If someone is new here and following along - my POINT is that IF the Euro folds, it buys time for the US dollar. Short term that might be cool, BUT in the long run it allows the gamblers on Wall Street and in the gubbermint even MORE time to continue the military keynesianISM. NOT good. How can the world trade w/o a definitive currency to do so? The sharks know this and are gambling short on money markets, too. They seem to be playing straight in the commodities markets.
Who even has the software to keep track of the mess being made? Why not try Goldmanh Sachs as the major institution trying to get a real fix on it ..
This development means Merkel is going to be finding herself w/o business backing and short on hvote for her two-tier (hahahaha) Eurozone proposal .. (as if it wasn't already).
Jürgen Stark's Resignation Is Setback for Merkel
By Peter Müller, Christoph Pauly and Christian Reiermann
In its official announcement, the ECB cited "personal reasons" for the step. For a top central banker, however, personal reasons are always professional reasons as well.

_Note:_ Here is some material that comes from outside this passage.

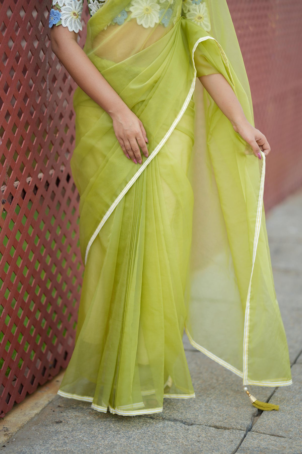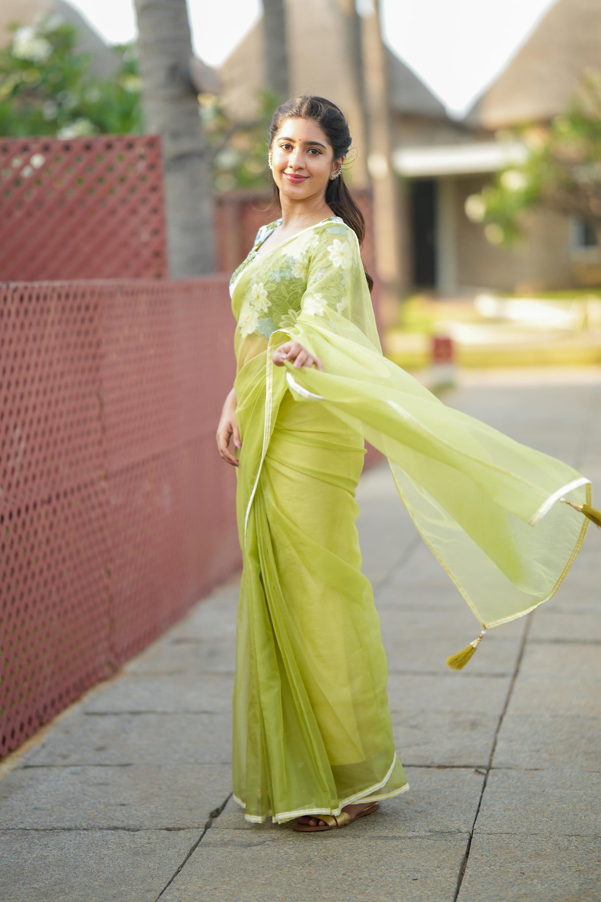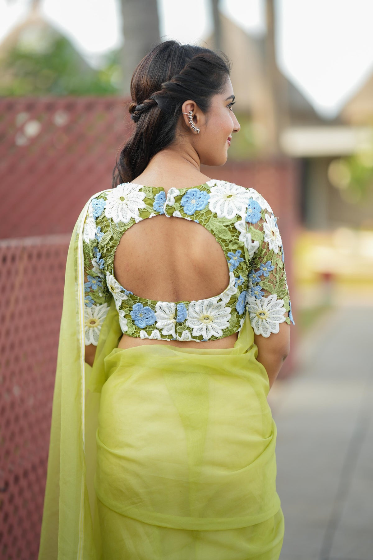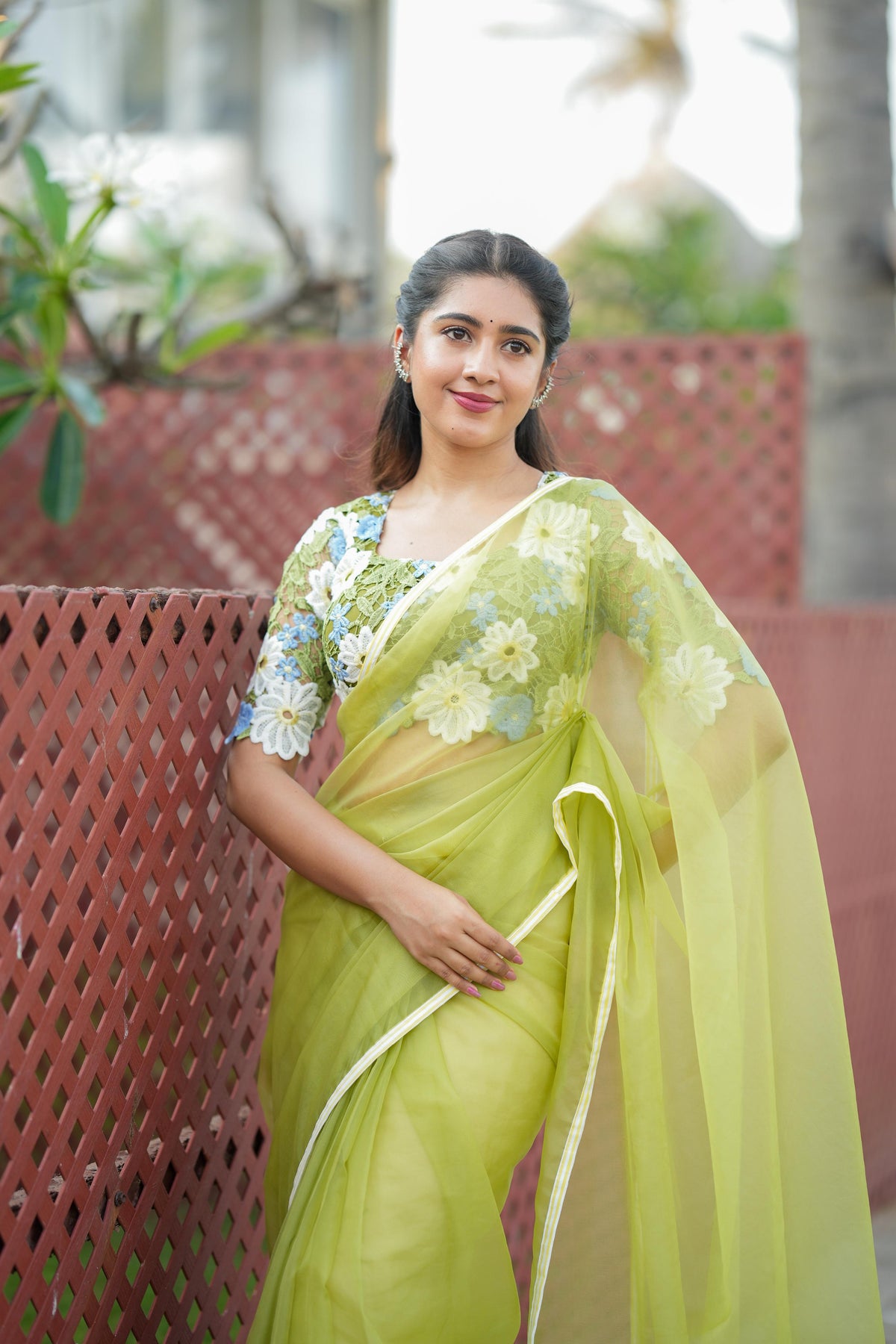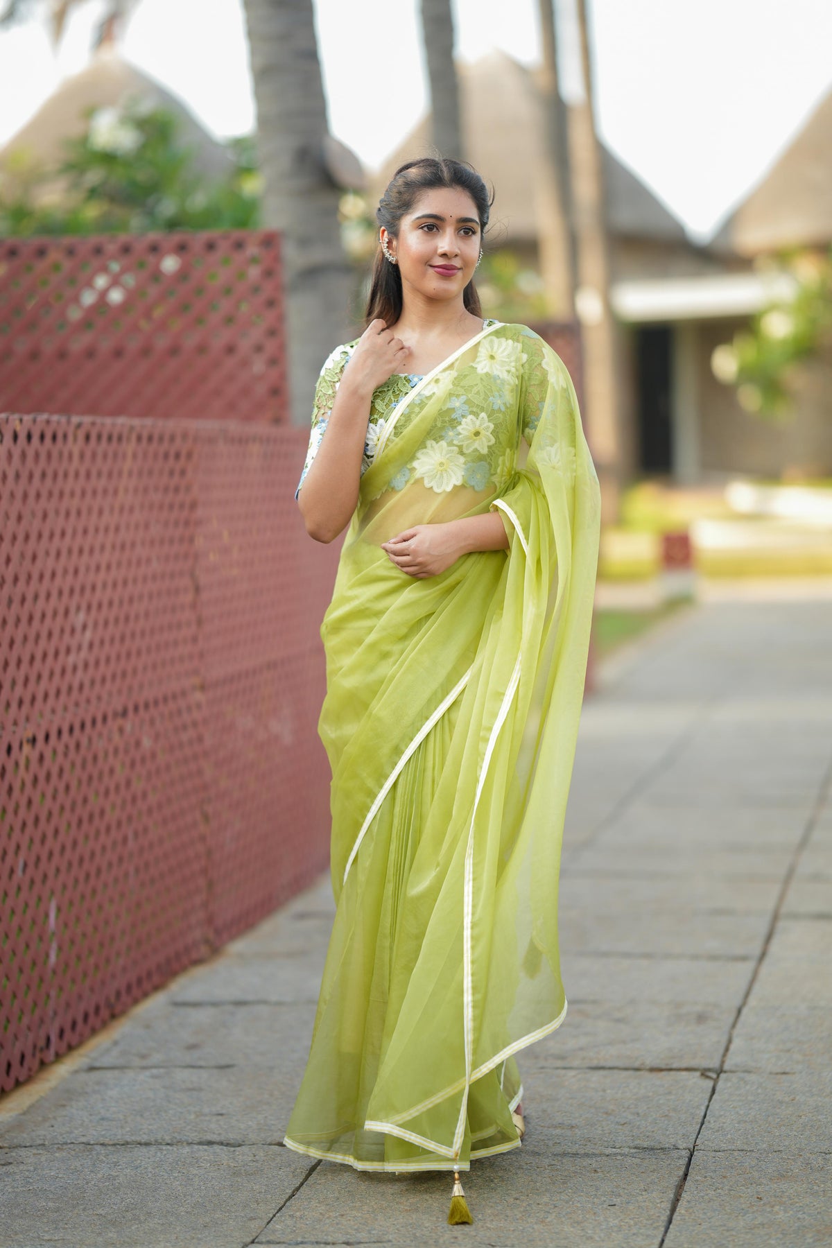 Fresh, playful, and full of main character energy, Elowen Daisy Drip brings a dreamy garden aesthetic to life. The saree features a rich olive-green drape with a clean, minimal finish—perfect for that effortless, “clean girl” vibe.

It was known that Stark had long questioned the policy of the ECB and its president, Jean-Claude Trichet, involving the purchase of large quantities of the government bonds of ailing euro-zone countries. He had trouble hiding his aversion to the Frenchman's approach. According to a friend, Stark made his decision to resign in early August, when the majority of the ECB governing council voted for the purchase of Italian and Spanish government bonds.
Shortly after his resignation as chief economist of the European Central Bank (ECB) on Friday, Jürgen Stark carried on as if nothing had happened, taking a group of visitors on a tour of the Eurotower in Frankfurt.
Trichet and his staff were dismayed when Stark announced internally that he intended to resign. They urged him to at least stay on until the ECB council meeting last Thursday. But then Trichet used the press conference following the meeting for a theatrical tirade against the inflexible Germans.
Undermining the Euro's Stability
Stark already voted against the first bond purchase program in the spring of 2010, and he also voted against the ECB's recent purchases a few weeks ago. Stark feared that the measure would undermine the stability of the euro. Worst yet, he felt that the central bank is giving up its independence and placing itself at the behest of politicians. This runs counter to the tradition of Germany's central bank, the Bundesbank, which Stark internalized during his tenure as its vice-president.
For the same reasons, Axel Weber resigned as president of the Bundesbank and chose not to succeed Trichet as head of the ECB. Stark's resignation is bad news for the current Bundesbank president, Jens Weidmann, who is also opposed to the bond purchases, and who is now losing an ally in the struggle over monetary policy. For German central bankers, monetary policy traditionally involves using all means possible to fight the risks of inflation. Printing money to buy up bonds is clearly not part of that approach.
The loss is embarrassing for German Chancellor Angela Merkel and Finance Minister Wolfgang Schäuble, both members of the center-right Christian Democratic Union (CDU). It is the second time that they are being abandoned by a well-known monetary policy expert because he can no longer support the approach to saving the euro that Merkel's administration has shaped.
In addition, the German governing coalition isn't exactly overflowing with talented individuals who can readily be sent to Frankfurt. This has forced Merkel and Schäuble to nominate a member of the opposition center-left Social Democratic Party (SPD), Jörg Asmussen, to succeed Stark. Asmussen is a state secretary in the Finance Ministry who was appointed under the previous "grand coalition" government of the CDU and SPD.
Controversial Choice
The choice will trigger outrage and relief in equal measure within the ranks of the CDU/CSU parliamentary group; outrage, because yet another key post is going to a member of the SPD, and relief, because they are glad to be rid of him in Berlin.
The move hasn't made people happy. "Putting an SPD man in the most important appointment Germany can make in the international financial world is at least as wrong as making a member of the SPD a state secretary in the CDU-led Finance Ministry," says Georg Nüsslein, an economic policy spokesman for the conservative Christian Social Union (CSU), the CDU's Bavarian sister party. The leadership of the Free Democratic Party (FDP), the conservatives' junior coalition partner, agreed to Asmussen's nomination, however.
It is debatable whether Asmussen will be any more amenable to the ECB's bond-buying policy than his predecessor was. He too finds the purchases fundamentally dubious, but feels that they are justifiable in the current situation.
Asmussen's promotion also complicates personnel problems at the Finance Ministry. Schäuble has been having trouble filling vacant positions for months. For example, he is still searching for someone to head his policy department and someone else to run the financial markets department.
At least he managed to quickly come up with a replacement for Asmussen as state secretary: the current head of the European department, Thomas Steffen. But now Schäuble has three department-head positions to fill.